Exercise goal. Repeat the data that follows verbatim. Images are not part of the copy.

Collected data.
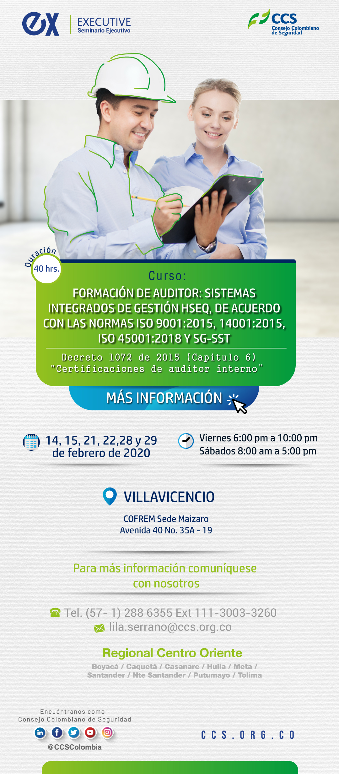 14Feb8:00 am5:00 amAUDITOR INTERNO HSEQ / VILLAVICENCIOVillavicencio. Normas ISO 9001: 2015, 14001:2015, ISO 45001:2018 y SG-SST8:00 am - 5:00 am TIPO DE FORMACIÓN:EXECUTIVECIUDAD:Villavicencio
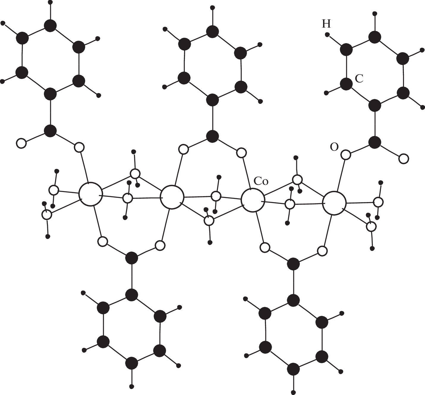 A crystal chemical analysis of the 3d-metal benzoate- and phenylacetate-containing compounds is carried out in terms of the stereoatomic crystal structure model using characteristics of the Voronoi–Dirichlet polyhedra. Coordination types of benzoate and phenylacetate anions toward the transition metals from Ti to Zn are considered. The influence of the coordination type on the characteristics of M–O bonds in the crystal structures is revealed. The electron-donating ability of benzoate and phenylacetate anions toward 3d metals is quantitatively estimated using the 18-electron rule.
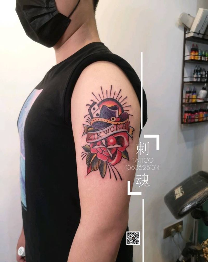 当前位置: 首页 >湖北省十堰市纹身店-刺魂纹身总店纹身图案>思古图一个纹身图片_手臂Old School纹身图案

Answer to this problem.
 14Feb8:00 am5:00 amAUDITOR INTERNO HSEQ / VILLAVICENCIOVillavicencio. Normas ISO 9001: 2015, 14001:2015, ISO 45001:2018 y SG-SST8:00 am - 5:00 am TIPO DE FORMACIÓN:EXECUTIVECIUDAD:Villavicencio
 A crystal chemical analysis of the 3d-metal benzoate- and phenylacetate-containing compounds is carried out in terms of the stereoatomic crystal structure model using characteristics of the Voronoi–Dirichlet polyhedra. Coordination types of benzoate and phenylacetate anions toward the transition metals from Ti to Zn are considered. The influence of the coordination type on the characteristics of M–O bonds in the crystal structures is revealed. The electron-donating ability of benzoate and phenylacetate anions toward 3d metals is quantitatively estimated using the 18-electron rule.
 当前位置: 首页 >湖北省十堰市纹身店-刺魂纹身总店纹身图案>思古图一个纹身图片_手臂Old School纹身图案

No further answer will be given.